Direct navigation describes the method individuals use to navigate the World Wide Web in order to arrive at specific websites. Direct navigation is a 10-year-old term which is generally understood to include type-in traffic.

Direct navigation traffic was first discovered circa 1996. The few lucky domainers who had premium names and analyzed their traffic found people were typing in their domain names and bypassing search engines. Many of them immediately realized the potential of these domain names. At that time the direct navigation segment of the World Wide Web was born.

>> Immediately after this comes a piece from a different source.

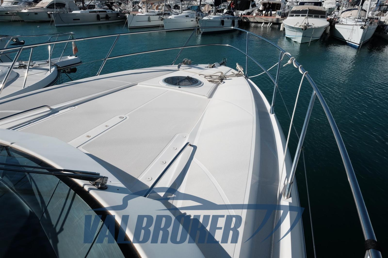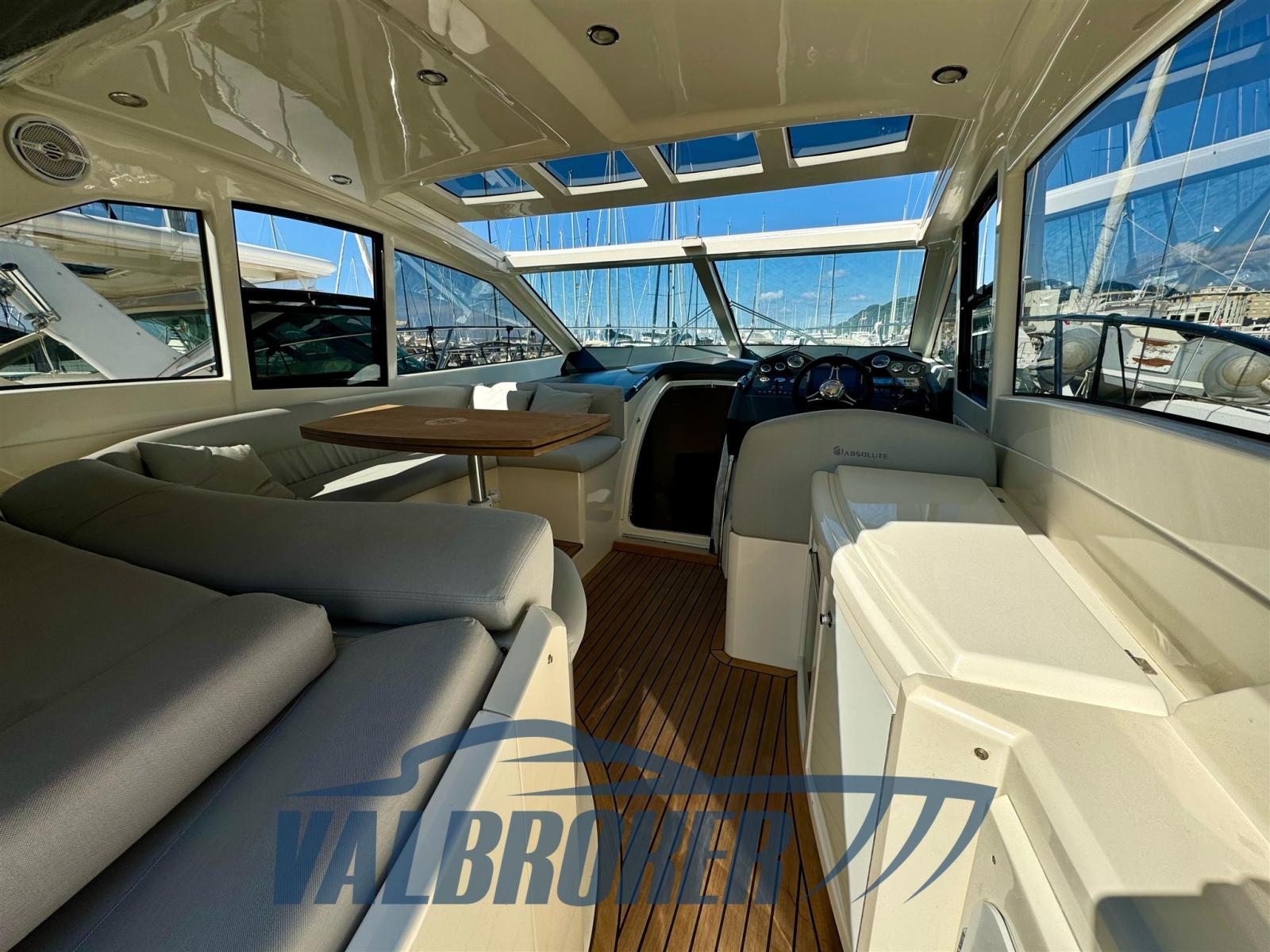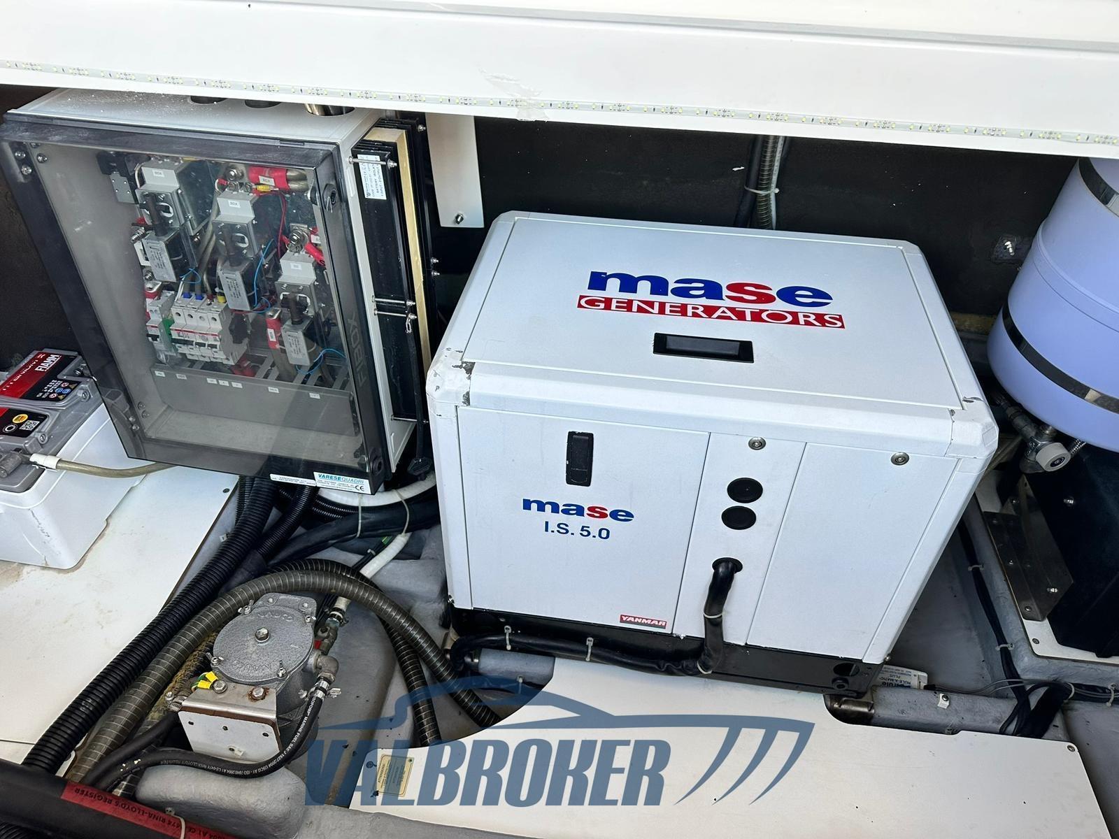 Magnifique toit rigide avec des lignes élégantes et très sportives. Enveloppé sur les côtés et sur le tableau de bord. Sous le pont, nous trouvons la cabine du propriétaire à l’avant, une cabine d’amis avec des lits plats et deux salles de bains. EN OPTION : générateur, climatisation, toit rigide électro-hydraulique, garage hydraulique, propulseur à proue. Nouveaux coussins et matelas internes. Sol de saloon en teck avec joints blancs !!

Domainers describe direct navigation as an Internet user navigating to a website directly through the browser address bar. They bypass online search engines by typing a name like "hotels" and adding ".com". For that reason direct navigation traffic is more valuable than search engine traffic since it is better targeted. Short words that describe large segments of a market are the most valuable direct navigation names. Domainers call these names premium names and they have sold in the millions of dollars year after year since 1997.

Marketers also include bookmarked traffic in the direct navigation group. Domainers do not consider bookmarked traffic as direct navigation since in most cases they do not involve a direct navigation premium domain name. A bookmark is made when an internet user actively adds a URL to their list of bookmarked pages. This is very different from using the browser address line to navigate to a premium domain name like hotels.com. Hence the inclusion of bookmarked traffic is not included in the domainer's version of the direct navigation market.

A 2005 study of Internet traffic by WebSideStory's StatMarket division revealed that direct navigation traffic such as browser type-in traffic, bookmarks of existing sites, and visits to existing, known website domain names converts into sales for advertisers at 4.23% of total visits compared to 2.3% for product and service related searches performed via the search box at search engines such as Google and Yahoo.

In September, 2008, the first direct navigation search engine, ubexact.com was released. In addition to providing results by type in traffic, the search engine utilized new proprietary technology that was able to provide in context search results from one URL to the next URL.